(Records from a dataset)
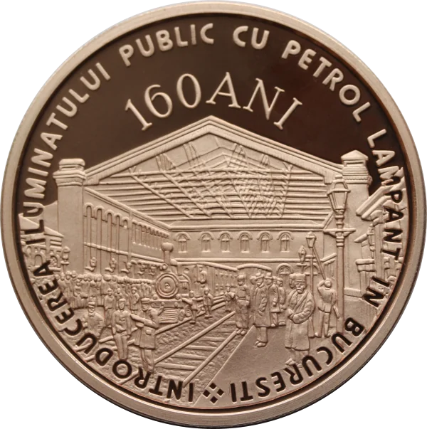 A vintage image of Filaret station, reading "INTRODUCEREA ILUMINATULUI PUBLIC CU PETROL LAMPANT IN BUCURESTI" and "160ANI".
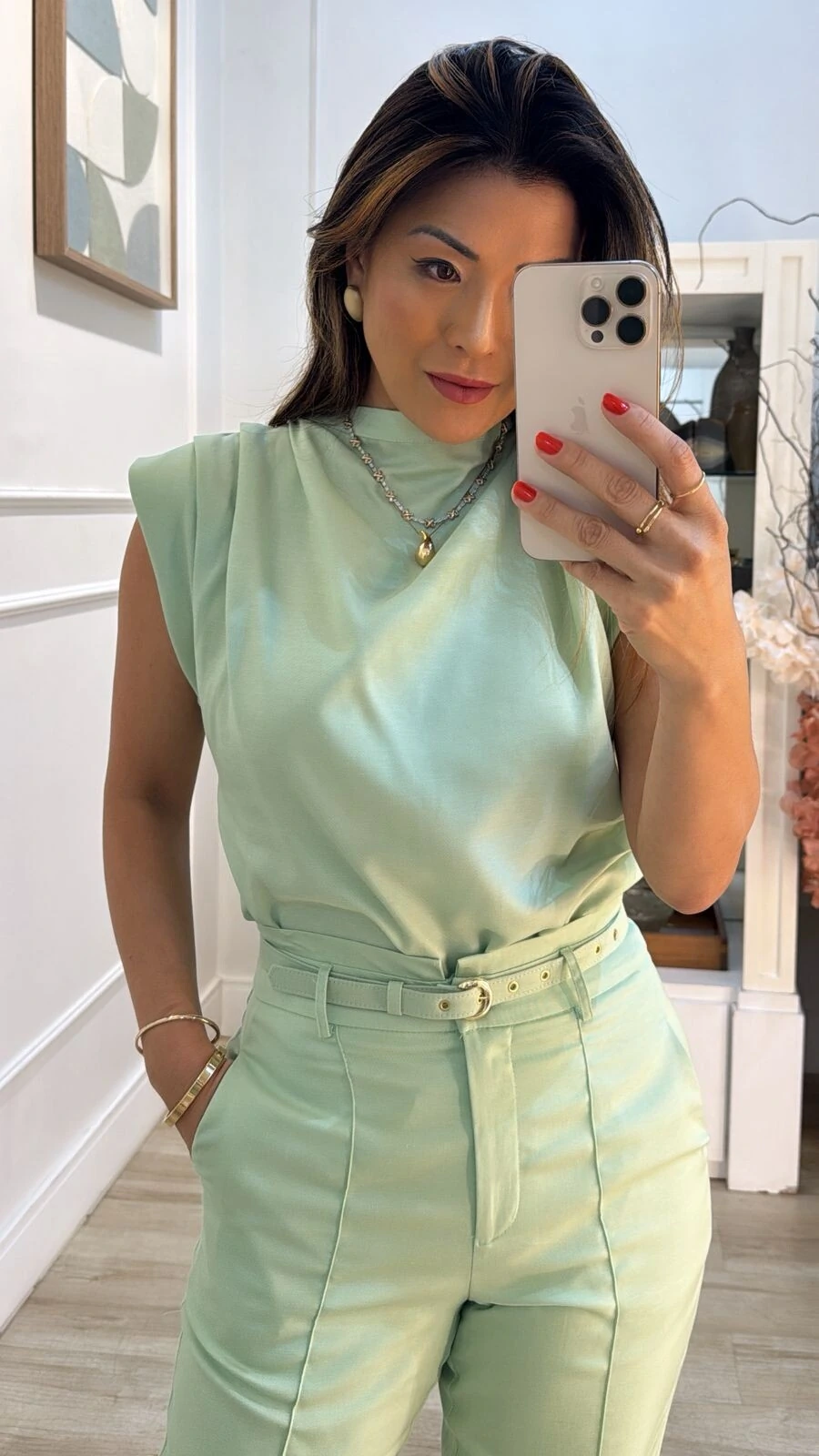 Blusa muscle confeccionada em twill. Possui gola canoa com amarração posterior, alças largas, drapeadas nos ombros e laterais, decote v posterior, pesponto, barrado assimétrico, e fenda lateral.
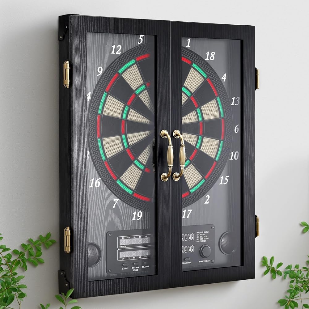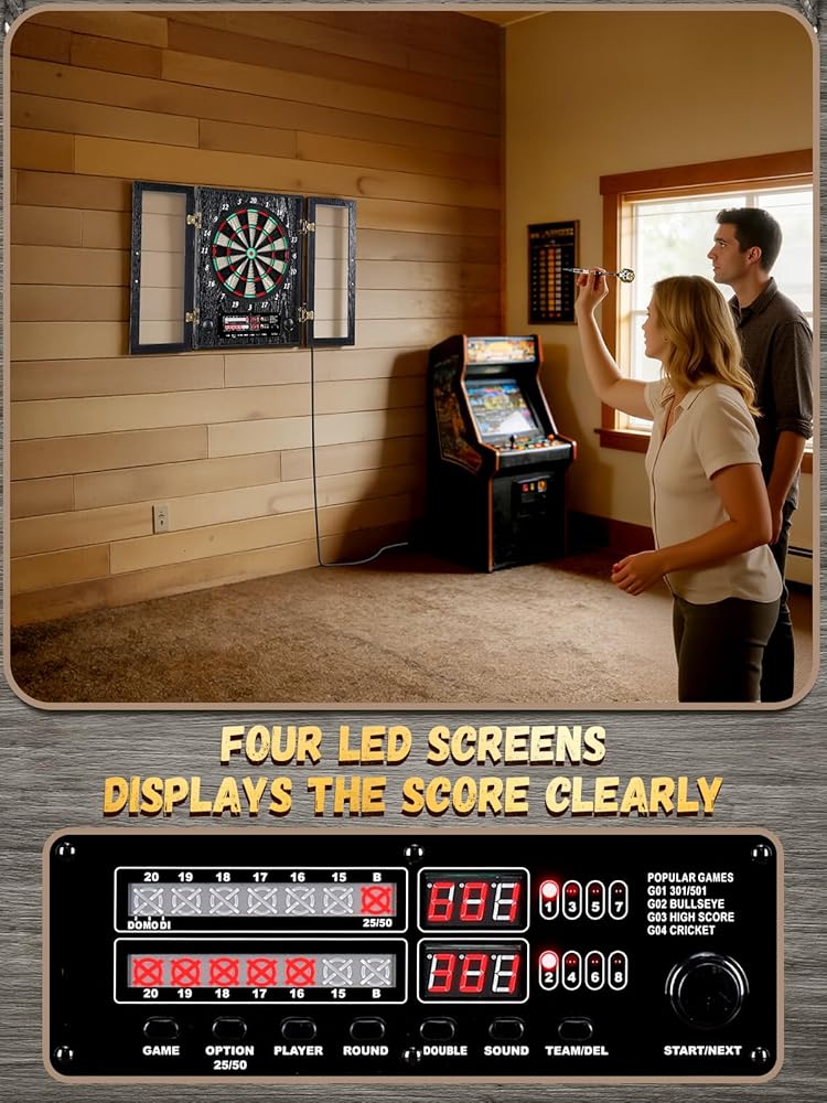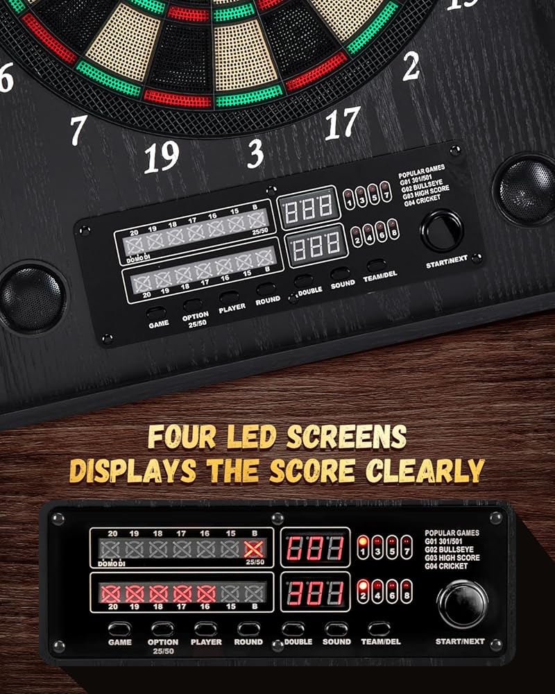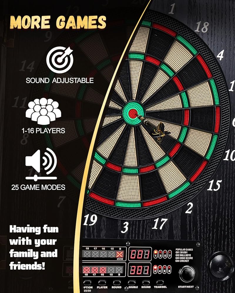 [25 لعبة لما يصل إلى 8 لاعبين] مجموعة خزانة لوحة رمي السهام الكهربائية مجهزة بنظام تسجيل إلكتروني متطور، مما يعزز تجربة اللعب الخاصة بك، مما يسمح لما يصل إلى 8 لاعبين بالانضمام في أي مناسبة، بدءًا من حفلات الانتقال لمنزل جديد وأعياد الميلاد إلى العروض الترويجية واحتفالات التقاعد.
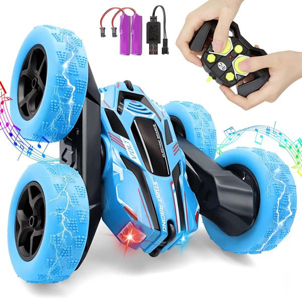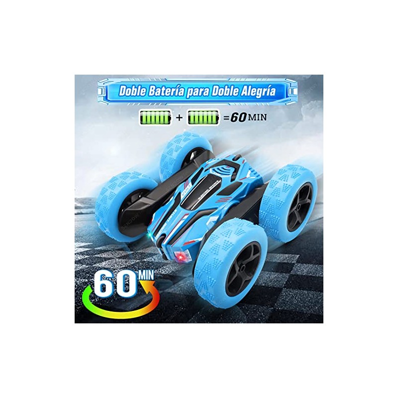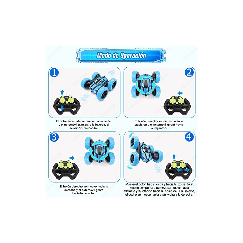 COCHE GIRATORIO DE 360°: Este coche RC puede girar 360 grados y conducir por los dos lados. Excepto para avanzar, retroceder, girar a la izquierda, girar a la derecha y derrapar, este automóvil de control remoto podría girar 360 grados horizontalmente y girar verticalmente como un baile. Por lo tanto, también podría ser una carrera de 2 lados al encontrar obstáculos en todas las direcciones, tanto en tierra como en el agua. ¡Maneja todo tipo de obstáculos y nunca disminuyas la velocidad! ALTA VELOCIDAD Y APROPIADO PARA TODO TERRENO: Este coche de control remoto de acrobacias RC está equipado con 2 potentes motores, que pueden atravesar fácilmente la tierra, la playa y el césped. Nuestro coche de acrobacias con música remota es perfecto para niños de 6 a 12 años y te proporcionará carreras realistas y una emocionante experiencia de juego todoterreno. APTO PARA TODO TERRENO: Este automóvil de control remoto está equipado con motores potentes y equipado con neumáticos de goma flexibles, está listo para la aventura en todos los terrenos, como césped, rocas pequeñas, arena, tierra suelta o caminos de concreto. Nuestros juguetes de control remoto para autos le brindarán a usted y a sus hijos una emocionante experiencia de manejo. COCHE TODOTERRENO A PRUEBA DE GOLPES: Este coche acrobático remoto está hecho de plástico ABS ambiental, diseñado con neumáticos duraderos antichoque y ruedas flexibles. Los autos de control remoto permiten una alta velocidad y una mejor flexibilidad, adecuados para jugar en interiores y exteriores. Con su construcción liviana y tamaño pequeño, este auto de carreras rc es fácil de llevar donde quiera que vaya. 2 BATERÍAS RECARGABLES Y 2.4GHZ: Los autos controlados por radio incluyen dos baterías recargables, cada batería puede ayudar a los niños a jugar con el auto RC durante 20 minutos. El coche de acrobacias adopta la tecnología de 2,4 GHz para soportar muchos vehículos de alta velocidad, larga distancia de control y buena capacidad antiinterferencias, adecuado para más coches jugando al mismo tiempo sin interferencia de señal. El control remoto requiere 2 pilas AA (no incluidas). FAROS LED Y CARACTERÍSTICAS DE MÚSICA: Los juguetes de control remoto para autos no solo tienen una excelente función de conducción, sino que también tienen luces y música geniales. Los coloridos faros y la maravillosa música de los autos RC crearán una diversión infinita para los niños mientras juegan. Este divertido juguete interactivo de carreras 4WD RC es un regalo perfecto para un cumpleaños, Navidad o cualquier festival.
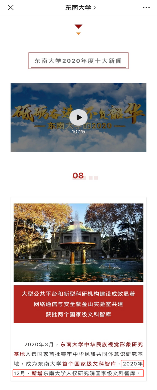 经各学校单位推荐,相关职能部门初选,网上投票,366net必赢官网2020年“十大新闻”评选结果于2021年1月20日揭晓。“必赢智库建设——366net必赢官网人权研究院当选国家级文科智库”入选366net必赢官网2020年“十大新闻”。
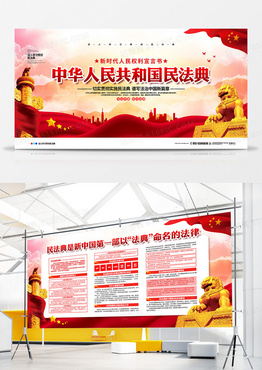 水彩简约党建中华人民共和国民法典宣传展板设计
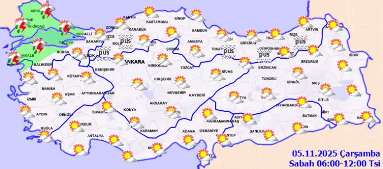 Marmara'nın güneyi ile Karadeniz'in iç kesimlerinde gece ve sabah saatlerinde pus ve yer yer sis etkili olacak.
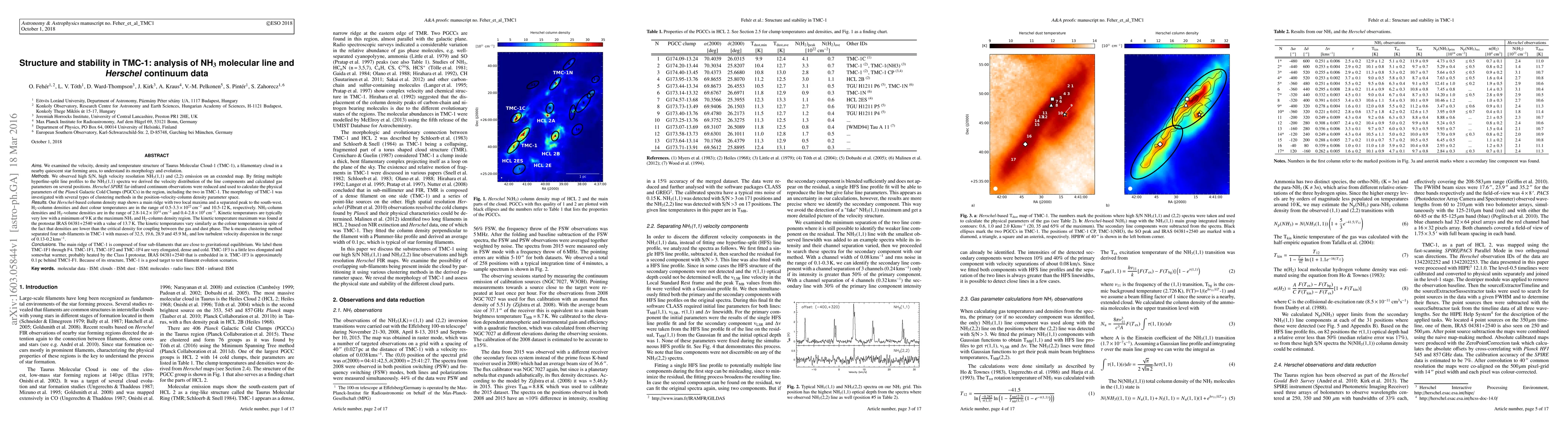 We observed high S/N, high velocity resolution NH$_3$(1,1) and (2,2) emission on an extended map in TMC-1, a filamentary cloud in a nearby quiescent star forming area. By fitting multiple hyperfine-split line profiles to the NH$_3$(1,1) spectra we derived the velocity distribution of the line components and calculated gas parameters on several positions. Herschel SPIRE continuum observations were reduced and used to calculate the physical parameters of the Planck Galactic Cold Clumps in the region. The Herschel-based column density map of TMC-1 shows a main ridge with two local maxima and a separated peak to the south-west. H$_2$-column densities and dust temperatures are in the range of 0.5-3.3 $\times$ 10$^{22}$ cm$^{-2}$ and 10.5-12 K, respectively. NH$_3$-column densities are 2.8-14.2 $\times$ 10$^{14}$ cm$^{-2}$ and and H$_2$-volume densities are 0.4-2.8 $\times$ 10$^4$ cm$^{-3}$. Kinetic temperatures are typically very low with a minimum of 9 K, and a maximum of 13.7 K was found at the Class I protostar IRAS 04381+2540. The kinetic temperatures vary similarly as the dust temperatures in spite of the fact that densities are lower than the critical density for coupling between the gas and dust phase. The k-means clustering method separated four sub-filaments in TMC-1 in the position-velocity-column density parameter space. They have masses of 32.5, 19.6, 28.9 and 45.9 M$_{\odot}$, low turbulent velocity dispersion (0.13-0.2 kms$^{-1}$) and they are close to gravitational equilibrium. We label them TMC-1F1 through F4. TMC-1F1, TMC-1F2 and TMC-1F4 are very elongated, dense and cold. TMC-1F3 is a little less elongated and somewhat warmer, probably heated by IRAS 04381+2540 that is embedded in it. TMC-1F3 is $\approx$ 0.1 pc behind TMC1-F1. Because of its structure, TMC-1 is a good target to test filament evolution scenarios.
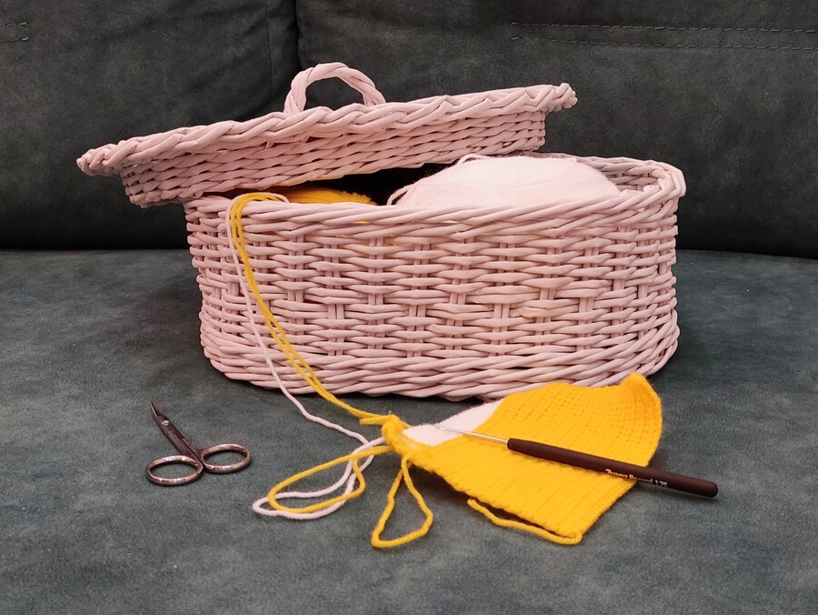 Необходим небольшой опыт в плетении.Размеры: 23×15, высота 10 см
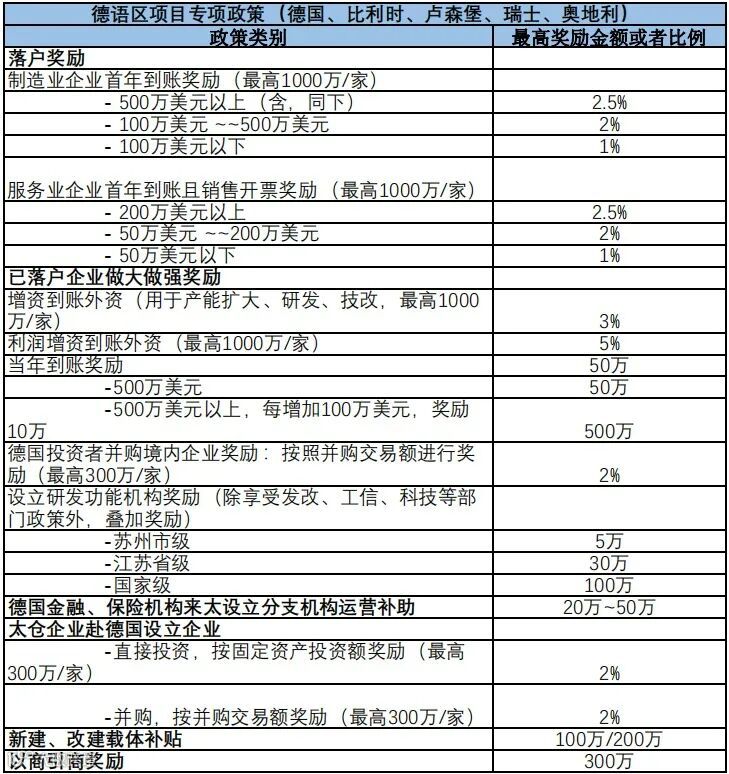 鼓励在太德企通过产业链招商、供应链招商、以商引商等模式为太仓招引德资项目,引荐项目落户且注册外资到账 15%的,按到账外资的 3‰~1%给予一次性引荐奖励,奖励上限为 300 万元
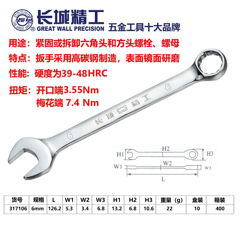 长城精工 两用扳手 开口梅花扳手 硬度高 6mm 317106
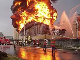 Several sea ports in the area sustained moderate damage such as cracks and wall collapse due to lateral ground spreading caused by liquefaction. Some 123 coastal fishing ports and facilities in eastern Hokkaidō reported significant damage, with an additional 25 ports damaged in Iwate.[4] At least three major ports were affected by the disaster; Kushiro Port sustained great damage to one of its piers as a result of ground displacement and sand boils.[14] Tsunami waves stranded several small boats onshore; various ship containers and oil tanks along coastlines sustained damage. The earthquake left marine oil spills in its wake, though the conditions were quickly normalized.[15]
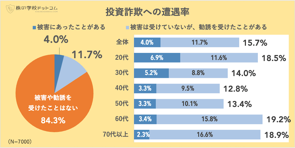 そこで、オンライン株式スクール「株の学校ドットコム」(運営会社:株式会社トレジャープロモート、東京都千代田区、代表取締役社長:瀬川 丈)では、全国の20歳以上の7000人を対象として、投資詐欺被害の実態調査を行いました。
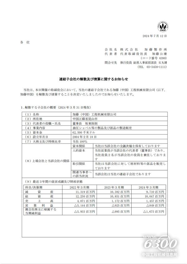 2024年7月12日,株式会社加藤制作所在官网宣布了关于加藤(中国)工程机械有限公司(简称“加藤中国”)解散并清算的决定,意味着加藤彻底退出中国市场。在加藤中国以及加藤中骏解散后,加藤制作所将在中国设立一个新的办事处,来维持和应对在中国市场的产品售后服务。对于两家子公司清算对总公司合并业绩的影响,目前尚未确定。

_Problem details:_
Your copy must hold exactly the lines from the one with "3‰~1%给予一次性引荐奖励,奖励上限为 300 万元" to the end of the records above, both included, and no pictures.

_Exercise answer:_
 鼓励在太德企通过产业链招商、供应链招商、以商引商等模式为太仓招引德资项目,引荐项目落户且注册外资到账 15%的,按到账外资的 3‰~1%给予一次性引荐奖励,奖励上限为 300 万元
 长城精工 两用扳手 开口梅花扳手 硬度高 6mm 317106
 Several sea ports in the area sustained moderate damage such as cracks and wall collapse due to lateral ground spreading caused by liquefaction. Some 123 coastal fishing ports and facilities in eastern Hokkaidō reported significant damage, with an additional 25 ports damaged in Iwate.[4] At least three major ports were affected by the disaster; Kushiro Port sustained great damage to one of its piers as a result of ground displacement and sand boils.[14] Tsunami waves stranded several small boats onshore; various ship containers and oil tanks along coastlines sustained damage. The earthquake left marine oil spills in its wake, though the conditions were quickly normalized.[15]
 そこで、オンライン株式スクール「株の学校ドットコム」(運営会社:株式会社トレジャープロモート、東京都千代田区、代表取締役社長:瀬川 丈)では、全国の20歳以上の7000人を対象として、投資詐欺被害の実態調査を行いました。
 2024年7月12日,株式会社加藤制作所在官网宣布了关于加藤(中国)工程机械有限公司(简称“加藤中国”)解散并清算的决定,意味着加藤彻底退出中国市场。在加藤中国以及加藤中骏解散后,加藤制作所将在中国设立一个新的办事处,来维持和应对在中国市场的产品售后服务。对于两家子公司清算对总公司合并业绩的影响,目前尚未确定。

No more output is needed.